Exclusive 60-second interview with: Dr. Neil Lant, Research Fellow, Fabric & Home Care R&D, Procter & Gamble

Please give us a quick overview of what we will hear from you during your presentation?

Everyone expects laundry detergents to clean, and fabric conditioners to soften – these are the prototypical consumer benefits of these products. However, caring for fabrics goes way beyond cleaning and softening and we need to pay closer attention to the longevity of fabrics and preservation of their newness. I will describe insights from our research in this area, and some of the approaches taken to improve clothing longevity, for example in development of paradigm-breaking cleaning technology to improve soil removal through new mechanisms without causing fabric integrity loss, enabling conversion to colder and quicker washing cycles and demonstrating the role of fabric conditioners in clothing longevity.


What are the biggest industry challenges?

Improving sustainability is the biggest challenge facing the industry today. However, the real challenge is achieving this without compromising product performance or significantly increasing cost. We also need to properly consider the use stage: is a detergent sustainable if it requires high wash temperatures to achieve good performance or accelerates the degradation of clothing because it uses old-fashioned non-selective cleaning chemistry like soda and bleach?


What are the top three trends in the cleaning products industry from your point of view?

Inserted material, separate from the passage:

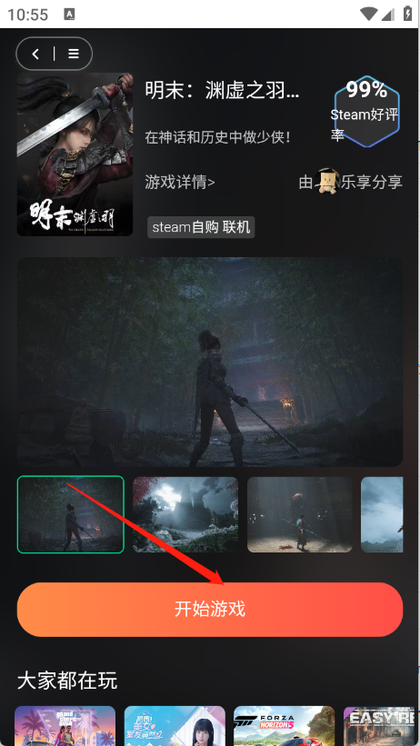 5、点开心仪的游戏进入详情页,点击页面中的“开始游戏”按钮,即可直接畅享云游戏。

Beyond sustainability, which is more of a culture change than a trend, I have been fascinated by recent trends in a few areas:
E-commerce and appliance innovation: we now have autodosing washing machines that are able to re-order their own fabric care products over the internet for home delivery. We are also seeing washing machines with increased functionality and performance, such as microfiber filters and build-in water softening.
Textile innovation: we are observing a lot of change in clothing manufacturing processes, such as increased use of wood-based fibers, new low/no water dyeing processes, greater diversity in textile finishes and growth in wearable textiles.
All of these trends bring great opportunities for collaboration and innovation at the seams between the fabric care product, appliance and textile industries.


What are you most looking forward to at the Cleaning Products Europe conference 2020?

A great opportunity to engage and find new connections for innovation. We have a strong ‘Connect and Develop’ culture and I’m personally interested in new approaches to sustainably clean and care for fabrics. Here in Europe, we wash over 35 billion laundry loads a year and the vast majority are carried out using heated water. The potential for impact through innovative technology and products is phenomenal.